Hi! Suppose I have a wire with a potential difference V=bx where b is a constant. Then there is an electric field which is constant: E=b through out the wire. Well, now consider this relation:
I=\frac{dq}{dt}=\frac{d}{dt}\epsilon_0\int{\vec{E}\cdot\hat{n}dS}=\epsilon_0 S \frac{dE}{dt}=0
where I used the Gauss' theorem and the fact that E is constant.
From this relation then follows that the electric current is 0! But I do have an electric current in the wire! Where am I wrong?

 

[Zaphys]

What surface are you integrating over, what does "x" stand for? Could you explain the problem a little more so that I can help you, personally I can't see it. Thanks

 

[Meir Achuz]

Your Gaussian surface must be closed. The current flows in one side and out the other, which is why the integral is zero.

 

[eoghan]

What surface are you integrating over, what does "x" stand for? Could you explain the problem a little more so that I can help you, personally I can't see it. Thanks

Let's say that the wire lies along the x axis.. then x represents a point of the wire. I integrate over a surface perpendicular to the wire in a point x with the center on the wire. But the surface is meaningless, what matters is that if E is constant in time, then its flux will be constant in time (if the surface is constant in time).

The current flows in one side and out the other, which is why the integral is zero.

Yes, but if you define I=dq/dt then you have I=d/dt (flux(E)) which is zero. With the Gauss' theorem I don't get the net current in the surface (which is zero), but the charge.

 

[Meir Achuz]

Have it your way, but I thought you said "I used the Gauss' theorem".

 

[Born2bwire]

Let's say that the wire lies along the x axis.. then x represents a point of the wire. I integrate over a surface perpendicular to the wire in a point x with the center on the wire. But the surface is meaningless, what matters is that if E is constant in time, then its flux will be constant in time (if the surface is constant in time).

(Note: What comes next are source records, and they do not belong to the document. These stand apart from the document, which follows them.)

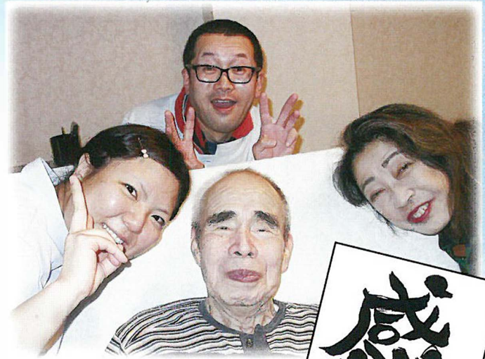
笑顔いっぱいのキャストと利用者様
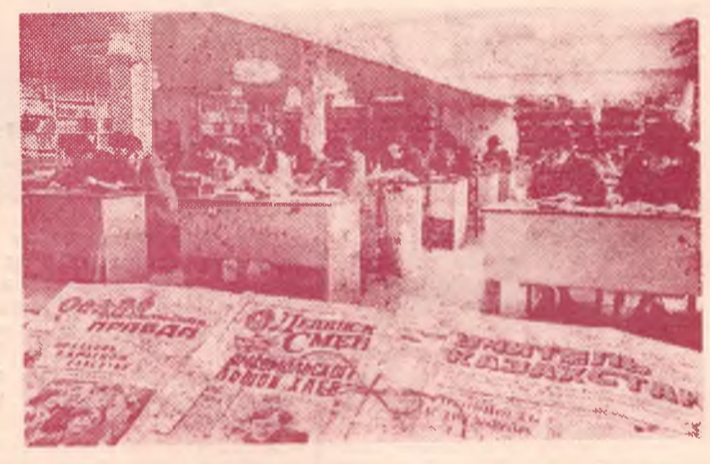
На снимке: студенты в читальном зале.
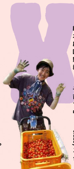
京内人U農姉妹勤務/姉子育て中 × classyスタッフ

上京して約10年働いていたIT関係の会社を辞め、子育て環境を優先するためUターンを決意。ミニトマトで就農。「稼げる農業」の実現に向け毎年新しいことにチャレンジし、雇用の創出にも力を入れている。
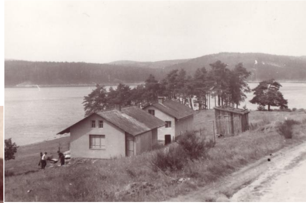
První dvě chatky na straně tehdejšího tábořiště

Již v roce 1969 vznikla žádost na odnětí ze zemědělského půdního fondu kvůli plánované výstavbě dvaceti chat na celkové rozloze až 80 000 metrů.
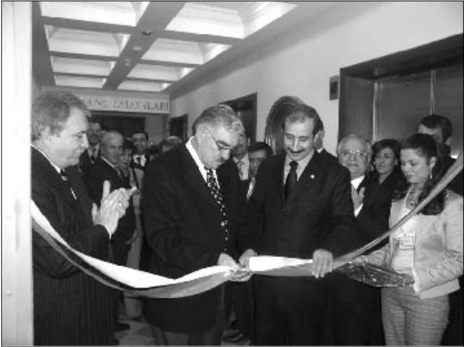
Mersin Barosu Hizmet Binası etkinliklerle açıldı.

Türkiye Barolar Birliği, Avrupa Konseyi ve TAİEX Ofisinin ortaklaşa düzenledikleri İnsan Hakları Avrupa Sözleşmesi (İHAS) ve İnsan Hakları Avrupa Mahkemesi (İHAM)'nin kararları ile bu konulardaki Türk Mevzuat ve uygulamalarının tanıtılıp tartışıldığı eğitim seminerleri ev sahibi barolarımızın katkıları ile devam etmektedir. Seminerlerin ilki Trabzon'da ve yedincisi de Antalya'da yapıldı. İzmir Ankara ve İstanbul'da yapılacak son üç seminerle tamamlanacak olan program ilgi ile
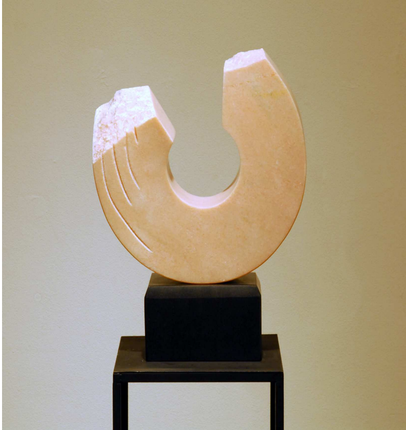
【작품 4】 어제의 부재, 이태리 대리석, 320 x 80 x 320 mm
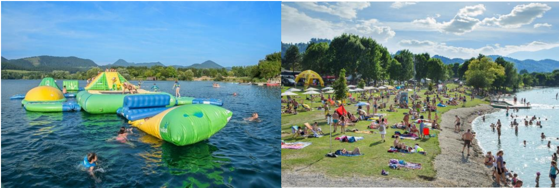
Slika 4: Velenjska plaža poleti

Velenjska plaža se lahko pohvali z dvema otroškima igriščema. Eno je na kopnem ob čolnarni in eno v vodi. Vodni park je eden izmed največjih in eden najbolj obiskanih v Sloveniji, ki ga ob lepem vremenu dnevno obišče preko 600 otrok. V sklopu lokala na plaži so na voljo dodatne plačljive vsebine za otroke (trampolin in bazen z električnimi vozili).
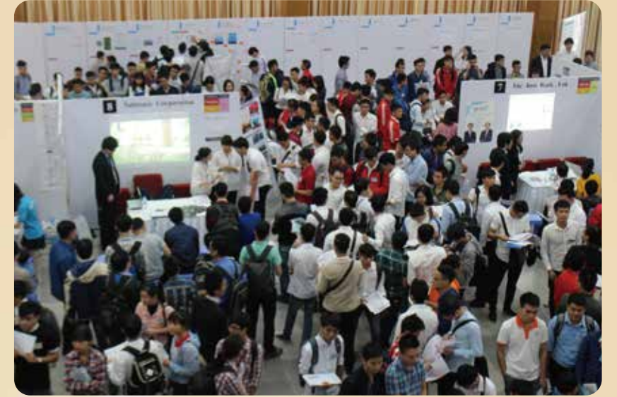
第2回（5月20）、第3回（11月4日）「SEKISHO JOB FAIR」を開催しました。日系企業に就職を希望するベトナム人大学生を対象とした合同企業説明会および面接会には、両回合計865名の皆様にご参加頂きました。
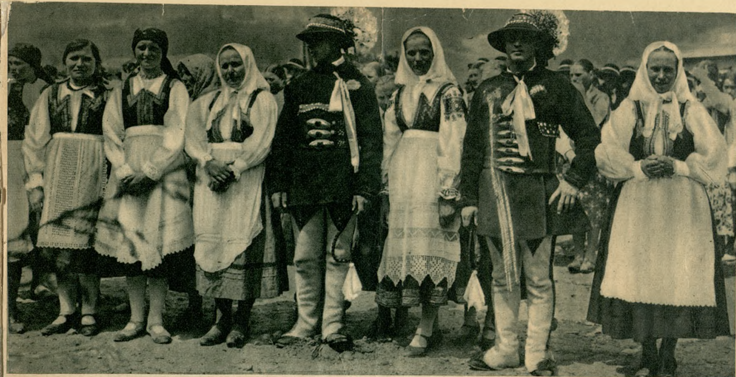
„Święto Gór“ 1935 — Grupa regionalna ze Spisza.
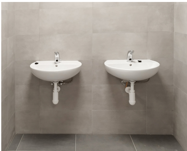
Sprchy a sociálne zariadenia sú pri každej zo šiestich šatní.

Súčasťou haly na Pankúchovej je aj priestranná klubovňa. „Využiť ju môže tréner s hráčmi po skončení zápasu na analýzu, keďže tam bude nainštalovaný projektor aj s plátnom, ale
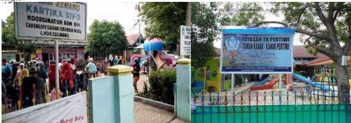
Gambar 1. Lokasi Kegiatan

Berdasarkan uraian diatas permasalahan yang sangat serius dan perlu solusi nyata adalah Bagaimana sosialisasi hukum yang efektif dapat membangun kesadaran sejak dini pada anak-anak terhadap dampak negatif bullying di lingkungan taman kanak-kanak? Bagaimana pendekatan yang tepat dalam sosialisasi hukum dapat meningkatkan keberanian anak-anak untuk melaporkan tindakan bullying dan menciptakan lingkungan yang aman dan positif? Sejauh mana sosialisasi hukum dapat berkontribusi dalam mengurangi kasus bullying di kalangan anak-anak usia dini dan membentuk generasi yang lebih peduli dan saling menghargai?
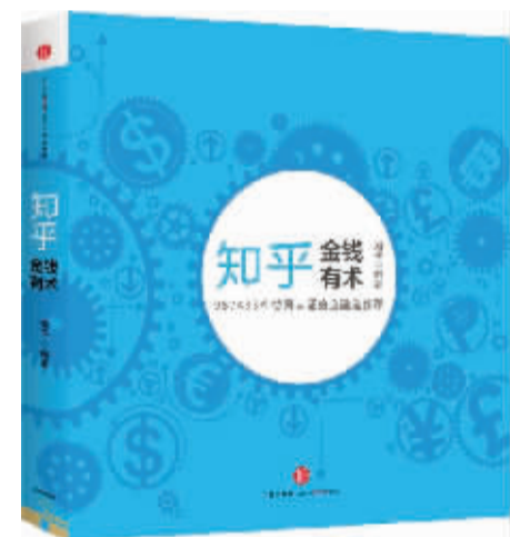
书名:《知乎:金钱有术》 作者:知乎 出版社:中信出版社
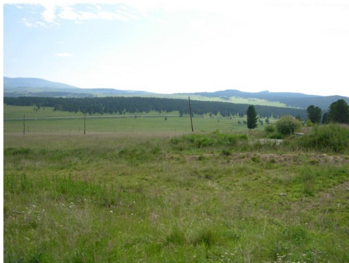
Рис. 1 Памятник природы “Семинский перевал” вверху - северная часть территории памятника природы, в середине - его центральная часть, внизу - южная часть
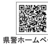
県警ホームページ

▽選考期日 6月18日(日) ▽時間 午前9時から ▽会場 岩手県警察本部(盛岡市) ▽選考内容 教養検査、作文検査、人物検査、身体検査 ▽受考資格 令和5年4月1日における年齢が40歳未満の人 ※このほかにも、船舶に関する資格要件があります。 ▽採用予定人数 2人 ▽受付期限 5月19日(金) ▽その他 詳細は問い合わせください。 ▽問い合わせ先 岩手県警察本部警務課人事係(☎0120・204034)
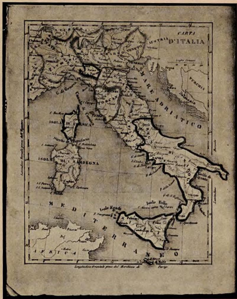
LA CARTA D'ITALIA ANNESSA ALLA I E II EDIZIONE DELLA STORIA D'ITALIA. (La fotografia dà in nero i toni gialli). Orig. cm. 16,5×20,5.
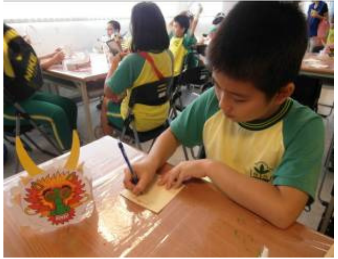
九份國小 學生正在寫下參觀感言
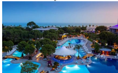
VII конференция Турция, Белек
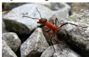
Bárhol képesek megélni

Külsőalakját tekintve okosabbnak kéne lennie, mint amilyen – és ezt most nem bántásból jelentettem ki, hanem mert a feje közel akkora (majdnem hogy nagyobb) a potrohánál, amely hasonlatot emberre kivetítve úgy vélem megoldódna az összes problémánk a túléléssel kapcsolatban. Pikantériája a kedves apró lényeknek, hogy a szemük a fejük oldalán helyezkedik el, ezért igazolhatóan ők is másképp látják a világot!
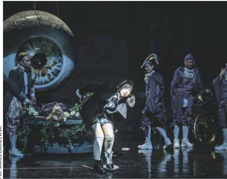
Śnieżka nie chce spać

Teatr Polski zaprasza na lutowe przedstawienia.
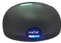
Interface de communication Log Tag (non inclus)
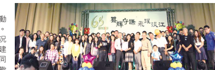
■管科系博士班返校活動

管科系於11月7日(六)下午5時，在淡水校園活動中心舉辦「博士班40週年慶祝暨系友返校晚宴」。系友及眷屬約500餘人參加，其熱烈參與度可謂盛況空前。本次活動邀請張前校長銘炬、商管學院邱建良院長致詞，系主任曹銳致詞後邀請大家舉杯同賀淡江大學65週年及管科博士班40週年，系友們歡聲雷動，同感欣幸。在一連串的表演活動後，推出40週年大蛋糕，於歡聲中為活動畫下完美句點。
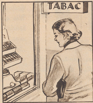
Gleich am nächsten Sonntag soll er ein Päckli haben. „Wenn ich nur wüsste, was er mag: Cigaretten, Stumpen oder Tabak?“

Yes, but if you define I=dq/dt then you have I=d/dt (flux(E)) which is zero. With the Gauss' theorem I don't get the net current in the surface (which is zero), but the charge.

clem is correct here, you used Gauss' Law to relate the charge to the electric field, but Gauss' law requires a closed surface and since you have a spacially constant electric field you will always have zero flux. You should instead try the Lorentz force, however, you would need knowledge of the saturation velocity of charges, otherwise the constant force over an infinite wire will create infinite current.

Still, in respect to your original question, yes, a constant flux can create current. I know that in a simple MOSFET model, we assume that there is a constant electric field between the source and drain which results in a current. The amount of current is limited by the finite cross-sectional area of the transistor, the finite length of the transistor, and the finite saturation velocity of the mobile carriers.